STORED DATA —
######
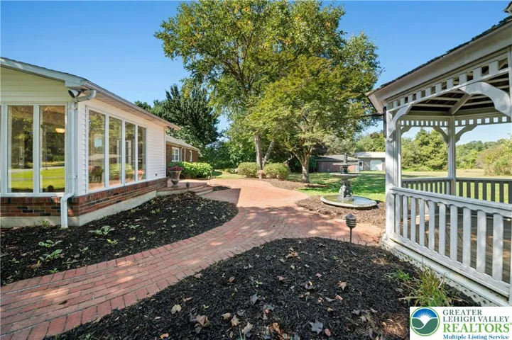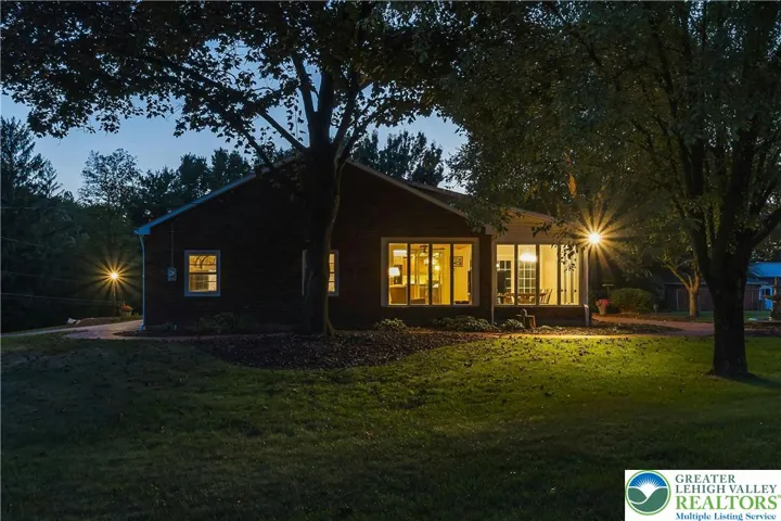 This mid century brick ranch was solidly crafted by a meticulous owner for his family and lovingly cherished by the same family for the last 65 years. With three parcels totaling more than 13 acres, the prime location offers an unparalleled investment opportunity in the sought after Saucon Valley School District. Enjoy a rural lifestyle without sacrificing conveniences, just minutes from I-78, NJ, Hellertown and Bethlehem. The classic floor plan features a living room with fireplace, picture window and hardwood floors under wall-to-wall carpeting. The dining room is outfitted with chair railing and crown molding and the kitchen has been expanded to accommodate abundant custom cherry cabinets and a breakfast room with a bay window. Walls-of-windows in the sunroom capture views of the lawns, trees and patios. 3 bedrooms and a full bath complete the first floor. The lower level offers a family room with another brick fireplace, full bath, exercise room and mechanical/laundry room with cabinetry. A beautiful brick patio, fountain and gazebo enjoy front row seats to views of your own rolling meadows. Collectors, tinkerers, equipment, toys, chickens, pets and horses will be easily accommodated in a group of buildings including a solidly built workshop, chicken barn with outdoor run, equipment parking and a large pole barn with concrete floors. This is a rare opportunity to purchase substantial acreage in a sought-after location perfect for country pursuits.
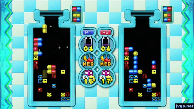 Having pills in this shape will sometimes allow you to clear a virus using just one piece. But overall, the extra pills stuck together are more of a hindrance than a help. After you get over the novelty of having L-shaped blocks, it just feels like a slightly less enjoyable version of Dr. Mario.
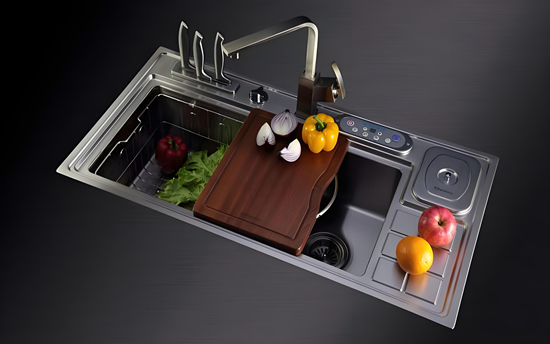 1. 智能感应技术:通过红外线或手势识别技术,智能水槽能够自动感应用户的接近并开启水龙头,无需触碰,既卫生又便捷。这一技术的应用,极大地提升了厨房操作的流畅度与舒适度。
######
WHAT THIS TASK INVOLVES — An exact copy is needed of the lines running from the one containing "Having pills in" through the last line of the material, and of no others; pictures stay out.

WRITTEN SOLUTION —
 Having pills in this shape will sometimes allow you to clear a virus using just one piece. But overall, the extra pills stuck together are more of a hindrance than a help. After you get over the novelty of having L-shaped blocks, it just feels like a slightly less enjoyable version of Dr. Mario.
 1. 智能感应技术:通过红外线或手势识别技术,智能水槽能够自动感应用户的接近并开启水龙头,无需触碰,既卫生又便捷。这一技术的应用,极大地提升了厨房操作的流畅度与舒适度。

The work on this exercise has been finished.